Hamilton’s ongoing interest in questions of space and place have led her to a variety of expressions. One is her forthcoming book, The Ceremonial Landscape: Geography, Gender, and Art in Late Medieval France, focusing on how the individual and cooperative commissions of a group of married and widowed women took advantage of their geographical complexity. Another is her nascent project, Mapping Medieval Women’s Patronage, brought to life in the first Kress Summer Institute on Digital Mapping and Art History. Hamilton is collaboratively crafting a digital map that will thematically, geographically, and temporally document the local and international connections between these women and their peers. The combination of data and interactive map will ask new spatial questions of the material that are best brought to light in this digital format. Indebted to explorations of the Digital Humanities in the classroom, it will eventually be housed on a website that allows digital modeling and mapping of medieval patronage to demonstrate a medieval interconnectedness of the process as well as one existing in modern scholarship.
Hamilton is convinced that when teaching and research are combined this synthesis works to everyone’s greatest benefit. Her teaching allows her to look far beyond Europe in the late-thirteenth and early-fourteenth centuries.
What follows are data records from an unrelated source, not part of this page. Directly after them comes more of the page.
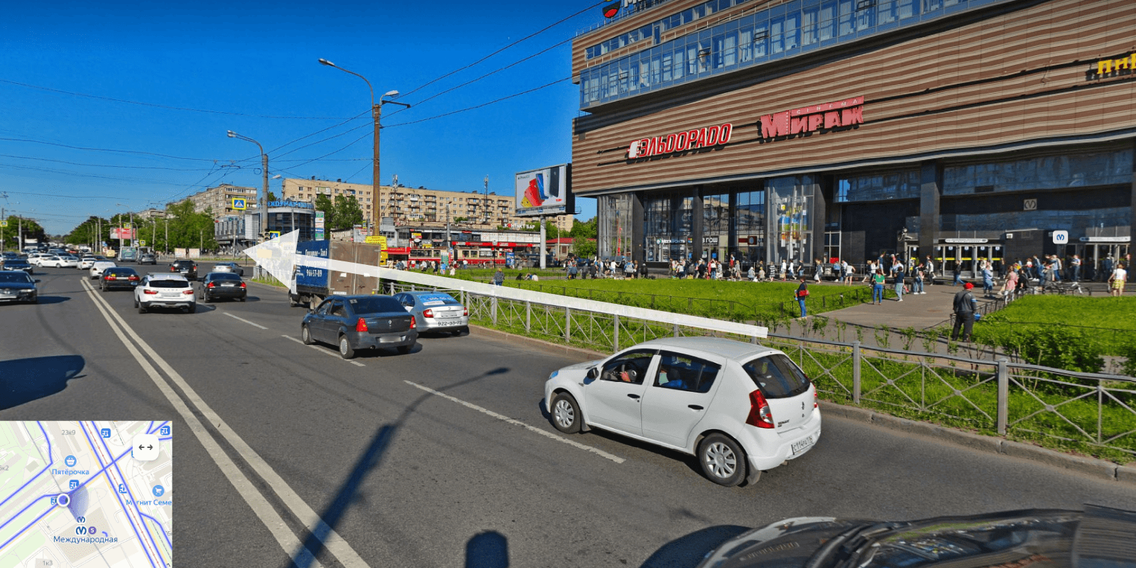 1. Выходите из метро "Международная" и двигаетесь направо.
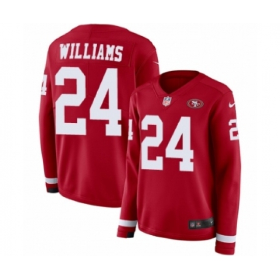 >Women's Nike San Francisco 49ers #24 K'Waun Williams Limited Red Therma Long Sleeve NFL Jersey
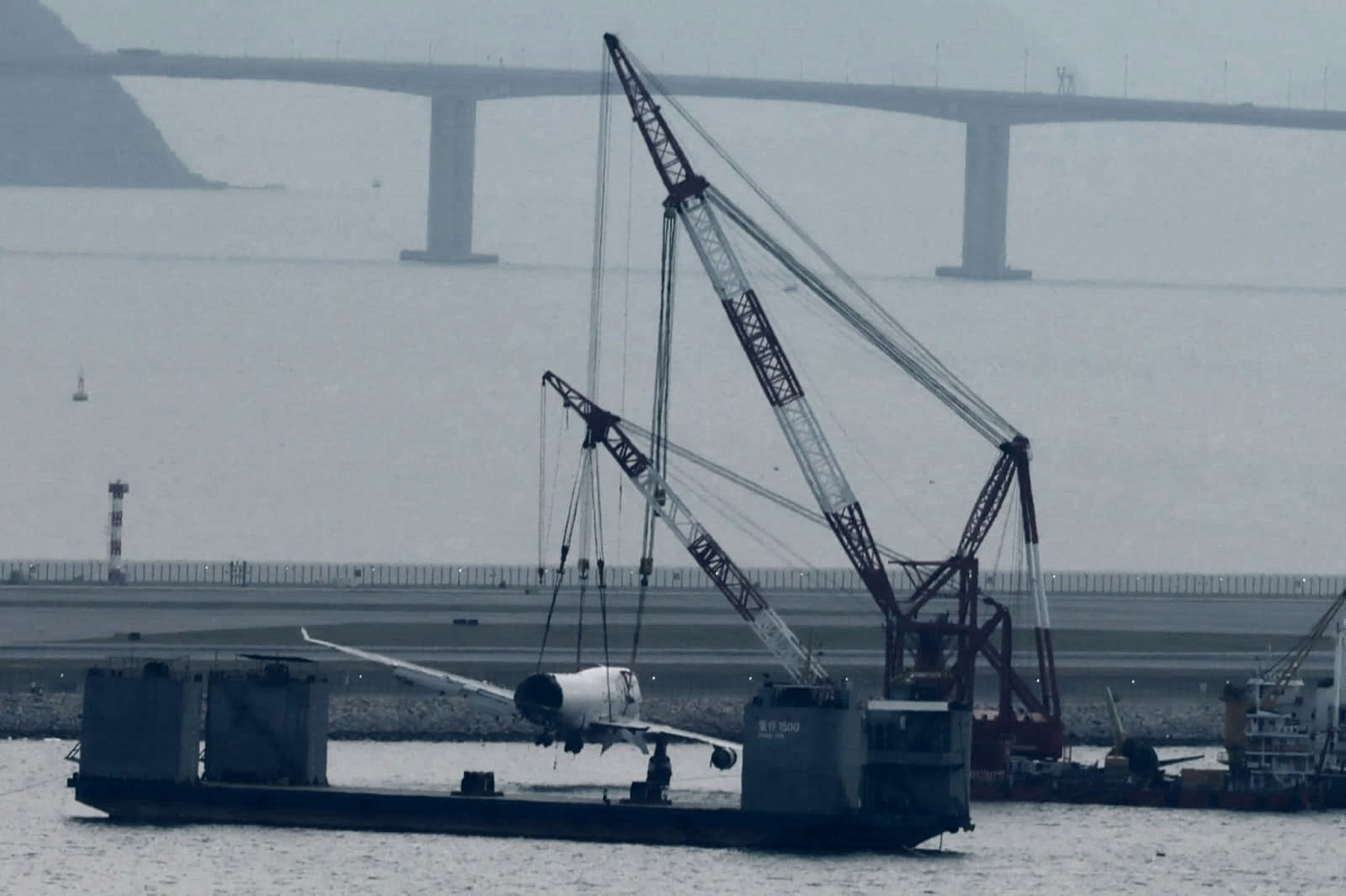 (有片)機場貨機事故|「最大件」機身連機頭殘骸成功吊起載走 機管局料明晚完成所有打撈工作

She loves watching students have their first contact with art history in the Survey of Art and then seeing them develop a visual eye in intermediate and upper-level classes. Especially in her Medieval courses she looks at the whole of Europe and the Mediterranean, studying Greek Byzantium, the Latin West, and the Persian and Islamic worlds to the east and south.
Hamilton chose to teach for a variety of reasons: to alert students to the wider world, to provoke them to analyze the visual and textual with a critical eye and mind, and to compel them to engage in cultural and societal debates often rooted in the past but still relevant to the present. The art and architecture of antiquity and the Middle Ages in particular allows twenty-first-century students students to reevaluate their opinions about topics with which they are unfamiliar. Yet, by familiarizing themselves with the the ancient, medieval, and early Renaissance worlds, students can view the unfamiliar in the modern world with a more open, well-informed mind.
Outings to Charlottesville, Washington, Baltimore, and New York are a regular requirement of her courses. Closer to home, Hamilton uses objects from The University of Richmond’s extraordinary permanent collection and Ralph Adams Cram’s neo-Gothic campus, as well as the objects and spaces of the VMFA and Agecroft Hall at every opportunity, in the belief that there is no substitute for gazing at and, whenever possible, handling the original.